1. Closed World Analysis: The application uses Spring Data JPA with Hibernate. Hibernate relies heavily on reflection and bytecode generation (proxies). The native image builder will not automatically analyze all entity mappings and query methods without explicit hints.
2. Spring AOT: Enable Spring AOT (spring.aot.enabled=true). This will generate hints for many Spring internals, but may not cover custom repository queries or dynamic JPA metamodel usage.
3. Proxy Issues: The application uses @Transactional on service methods. JDK Dynamic Proxies will be needed. Spring AOT should generate proxy-config.json hints. However, if any bean uses CGLIB proxying (e.g., @Configuration(proxyBeanMethods=true)), those configurations must be switched to lite mode (proxyBeanMethods=false).

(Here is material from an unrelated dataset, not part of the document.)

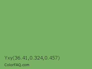 Yxy 36.41,0.324,0.457 Color is a normal green color and the nearest color is Bud Green #7bb661. Hex code #79b163 and RGB value is rgb(121,177,99). In RGB color space, this color is composed of 47% red, 69% green, 39% blue, In CMYK color space, this color is composed of 32% cyan, 0% magenta, 44% yellow , 31% black , In HSL color space, this color has a hue angle of 103° , 33% saturation and 54% lightness.
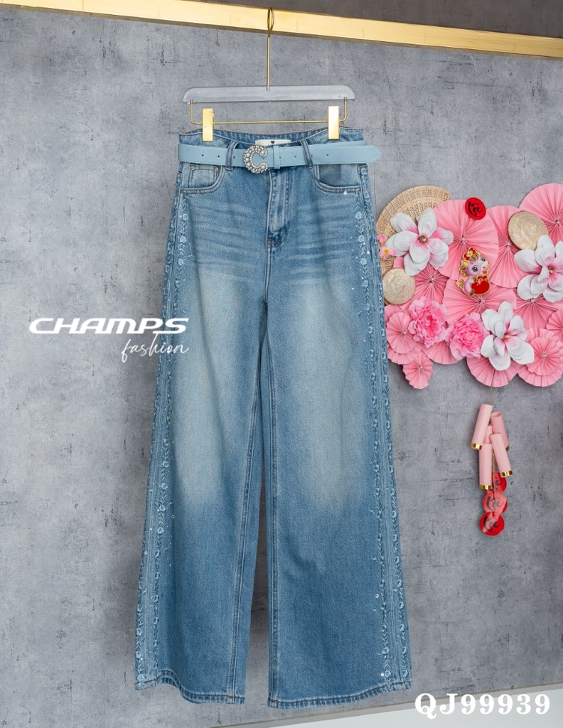 QUẦN JEAN SUÔN THÊU BÊN HOA DN 99939

4. Resource Loading: The app loads application.properties and some XML mapping files. These need to be listed in resource-config.json. The tracing agent can help discover these.
5. Build Time Impact: The native image build might take several minutes versus seconds for a JAR. CI/CD pipeline needs adjustment.
6. Runtime Behavior: The native executable will start in tens of milliseconds and use significantly less memory. However, if a new entity class is added, the native image must be rebuilt. Dynamic class loading is impossible.
7. Trade-off Decision: For a batch CLI tool where startup time is critical and the codebase is relatively stable, native image offers clear benefits. For a long-running server where peak throughput is key, JVM may be better.

Conclusion: The team should proceed with a proof-of-concept, using the GraalVM tracing agent to generate initial hints, enabling Spring AOT, and testing the native executable with their batch jobs.